* _TASK STATEMENT_:
Give the listing again word for word. Leave every image out.

* _GIVEN MATERIAL_:
────────
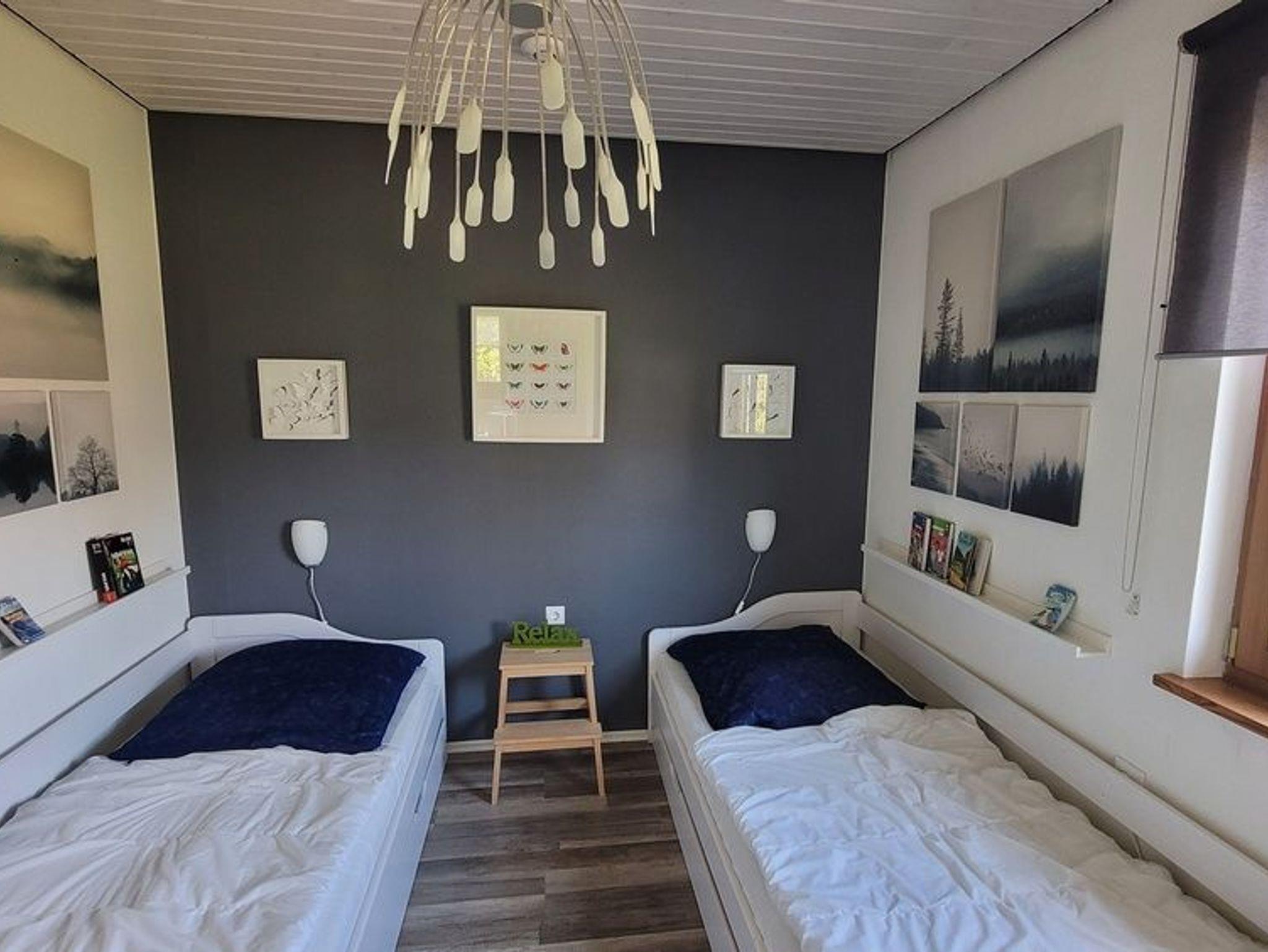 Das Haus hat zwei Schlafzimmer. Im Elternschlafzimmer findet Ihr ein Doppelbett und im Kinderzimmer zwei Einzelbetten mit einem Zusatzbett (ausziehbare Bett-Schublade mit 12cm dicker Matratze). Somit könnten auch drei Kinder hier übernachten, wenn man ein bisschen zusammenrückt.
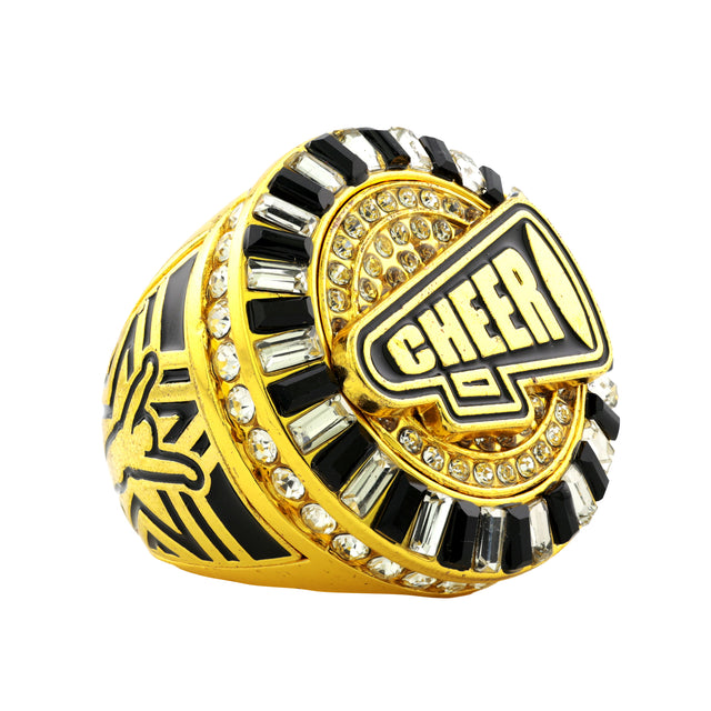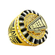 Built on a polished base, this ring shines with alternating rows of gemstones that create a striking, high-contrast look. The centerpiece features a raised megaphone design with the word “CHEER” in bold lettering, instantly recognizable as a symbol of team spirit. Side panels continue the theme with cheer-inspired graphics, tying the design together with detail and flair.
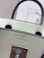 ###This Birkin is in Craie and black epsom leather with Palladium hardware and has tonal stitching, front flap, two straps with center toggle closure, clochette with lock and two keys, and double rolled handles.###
────────
* _FINISHED TASK_:
 Das Haus hat zwei Schlafzimmer. Im Elternschlafzimmer findet Ihr ein Doppelbett und im Kinderzimmer zwei Einzelbetten mit einem Zusatzbett (ausziehbare Bett-Schublade mit 12cm dicker Matratze). Somit könnten auch drei Kinder hier übernachten, wenn man ein bisschen zusammenrückt.
 Built on a polished base, this ring shines with alternating rows of gemstones that create a striking, high-contrast look. The centerpiece features a raised megaphone design with the word “CHEER” in bold lettering, instantly recognizable as a symbol of team spirit. Side panels continue the theme with cheer-inspired graphics, tying the design together with detail and flair.
 ###This Birkin is in Craie and black epsom leather with Palladium hardware and has tonal stitching, front flap, two straps with center toggle closure, clochette with lock and two keys, and double rolled handles.###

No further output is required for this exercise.